Let me make a brief comment about our Government Contracts segment. We noted when we announced our first quarter '13 results that we expected significant improvement in the pretax contribution in the second quarter of '13. That's what happened as Government Contracts contributed approximately $18.1 million in pretax income in the second quarter. We now expect the full year pretax income for 2013 to be approximately $55 million to $60 million, somewhat lower than prior guidance due to certain adjustments under our TRICARE contract.
Let me now turn to Medicare. The Medicare Advantage MCR did well in the second quarter of '13. It improved by 210 basis points compared with the second quarter of '12. We're encouraged by the favorable Medicare health care cost trends, particularly in physician and outpatient services. We expect the Medicare Advantage MCR to be close to this level or even better through the second half of '13.
Let me make a brief comment on our MA proposals for next year.
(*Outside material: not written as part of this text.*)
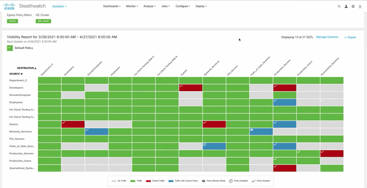 The application enables users to identify attacks through alerts with contexts such as user name, device type, location, timestamp, and application. IT administrators can analyze encrypted traffic for potential threats and compliance violations without decryption. Cisco Secure Network Analytics lets professionals detect unknown malware, data exfiltration, or policy violations. Network segmentation helps enterprises establish an added layer of defence and secure internal devices.

We approached '14 in much the same way that we approached '13. We focused on achieving reasonable margins and gaining enrollment in specific geographic areas where we have more competitive health care cost structures.
Medicaid did well in the second quarter of '13, as moderating health care costs contributed to MCR improvement quarter-over-quarter. This sequential Medicaid MCR improvement was significantly influenced by California's reinstatement of Medicaid premium taxes on June 27 as part of the new state budget. The taxes were retroactive to July 1, '12. This resulted in our recording $35.7 million in premium tax expense on the G&A line in the second quarter of '13. In addition, the state increased premiums by the same amount, so there's no impact on the bottom line. The increased premiums, though, did benefit the Medicaid MCR by 510 basis points in the second quarter of '13. The Medicaid premium tax effect caused the G&A ratio to be higher in the second quarter, at 11%. The $35.7 million in premium taxes amounted to approximately 120 basis points. We currently expect taxes to continue for 3 years starting July 1, '13.